Ag education students apply skills in Sinking Valley

Students who represented Tyrone Area High School – Lt. to Rt. – Baylee DelBaggio, Daniel Peterson, Michael Cherry, Hunter Reese, Carly Crofcheck, Sierra Robison, Katrina Hagenbuch, Skyler Thompson.

Eight Ag students represented the Tyrone Area at the Blair County Conservation Land Judging Contest on Tuesday, October 13th.

Michael Cherry, Daniel Peterson, Baylee DelBaggio, Hunter Reese, Sierra Robison, Carly Crofcheck, Skyler Thompson, Katrina Hagenbuch, and advisor, Tiffany Hoy traveled to Hoover’s Dairy Farm in Sinking Valley.  Other schools present were Bellwood-Antis, Central Mountain, and Williamsburg.

“This was a challenge for our program since we just started soils in the Natural Resources and Ecology course and this was the first time we had participants in the event since I started at the school,” said Ag advisor Tiffany Hoy, “any activity such as this one will help students apply what we are learning in the classroom and our hope is to learn from our experience and come back even stronger next year.”

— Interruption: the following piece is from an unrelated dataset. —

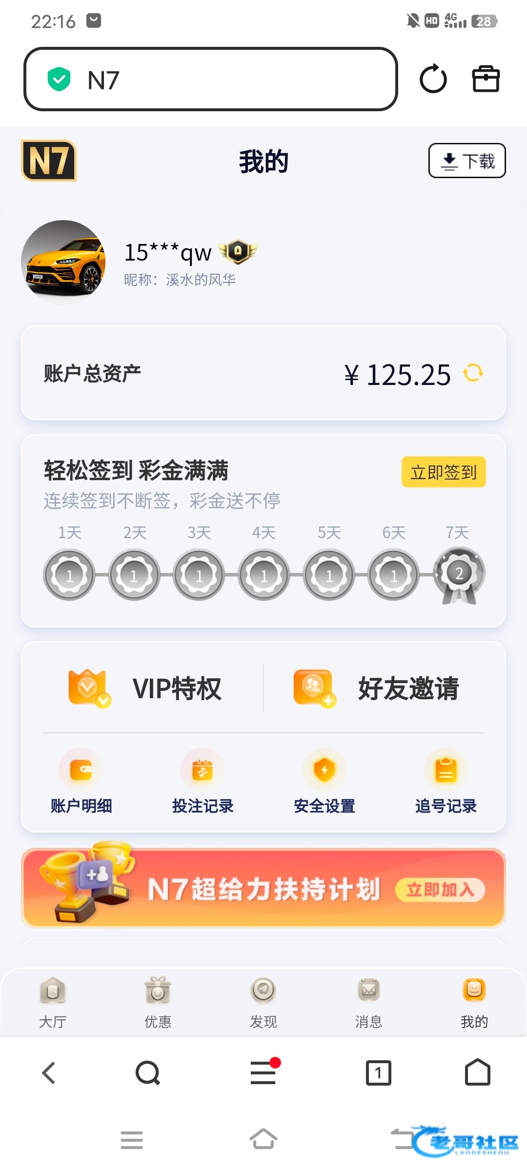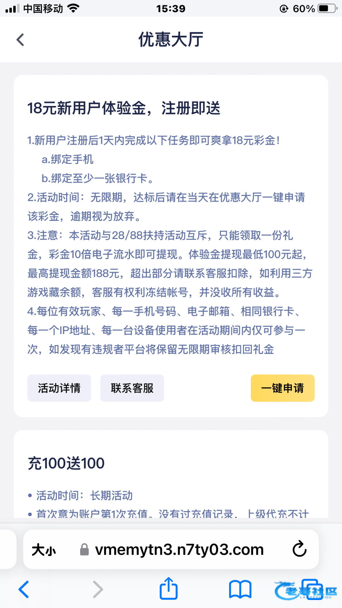 n7ty.com 注册完善手机绑定一个收款就可以申请到,优惠活动中自助申请新用户彩金,限制电子10倍水,最高提188,出款自测

What is soil judging? A pit is dug and the judgers enter the pit. They are told the horizons of the pit (horizons are different layers in the profile). There are several types and each has their own characteristics. The judgers determine where they are and fully describe each one. Type, color, depth, consistence, clay percentage, shape, structure, grade of structure and redoximorphic features are recorded on a score card.

Soil judgers test their skills against students from other schools, from there if they qualify at regionals, they compete at nationals. Each judger has one hour to complete the score card. The time is broken up as such: 10 minutes in the pit, 10 out of the pit, 10 in, 10 out, 20 free for all. While one set of contestants is in, the others are out; you can tell it pays best to be the first in the pit.

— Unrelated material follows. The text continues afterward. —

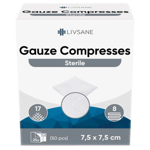 LIVSANE Sterilní gázové kompresy 7.5x7.5cm 25x2ks

Ag student Carly Crofcheck was surprised that when she started to study for soil judging that there were so many things to consider before using the land.  “When you look in a soil pit you need to look at the measurements of soil layers, drainage, etc.  Then you need to look at the many factors impacting the soil and potential uses for the land,” said Crofcheck.

Baylee DelBaggio thought the Clinometer was great and this was the first opportunity she had to use one in determining slope.

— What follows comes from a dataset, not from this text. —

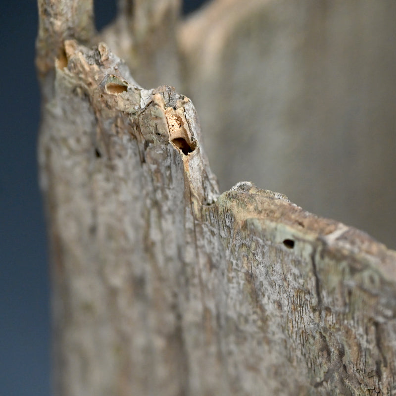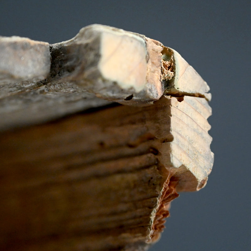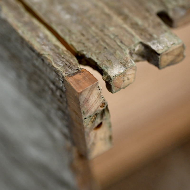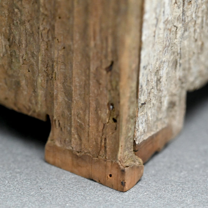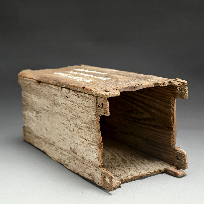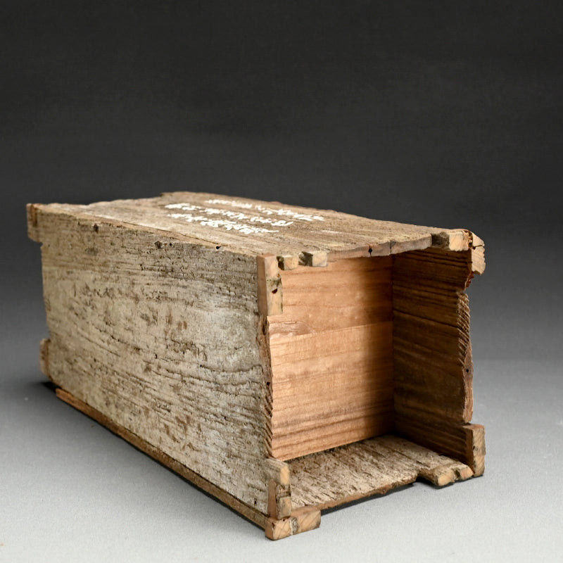 指物師 中島菊斎が古い水車の櫂で作った背の高い木製の花瓶のような容器です。富岡鉄斎の銘文が木に彫った形で飾られており、「鉄斎先生書刻 花瓶」と題されたオリジナルの署名入り木箱に収められています。17.5cm四方、高さ45.5cmで 状態は良好です。

“Last week in class, we learned to determine slope by using the slope formula and Mrs. Hoy had us calculate the slope percentage by hand, which is a great lesson; but the clinometer makes is much easier and there is no calculating,” said DelBaggio.

Upon completing the four soil pits, the participants were treated to a tour of Hoover’s Dairy Farm new automatic (robotic) milking system, the Austronaut A4, made my Lely, installed this summer. Hoovers is one of only two farms to have one in the Blair County area.

“It was nice to be able to see the system and speak with Mrs. Hoover on how it has improved the production aspect at the farm,” said Ag student Michael Cherry.

Katrina Hagenbuch added, “I also found out it is not just the machine that has had a positive impact on production, but the water beds for the cows, ventilation system, and overall time the animals are off their feet plays a major roll into the increased yields.  It’s amazing how technology can positively affect the agriculture world.”

The students then had the opportunity to walk the Albemarle Nature Trail in Tyrone. There students discussed some types of soils, trees, plants and living organisms found.

“The entire day was a fun and we get to bond as a team and learned at the same time,” said Ag student Skyler Thompson.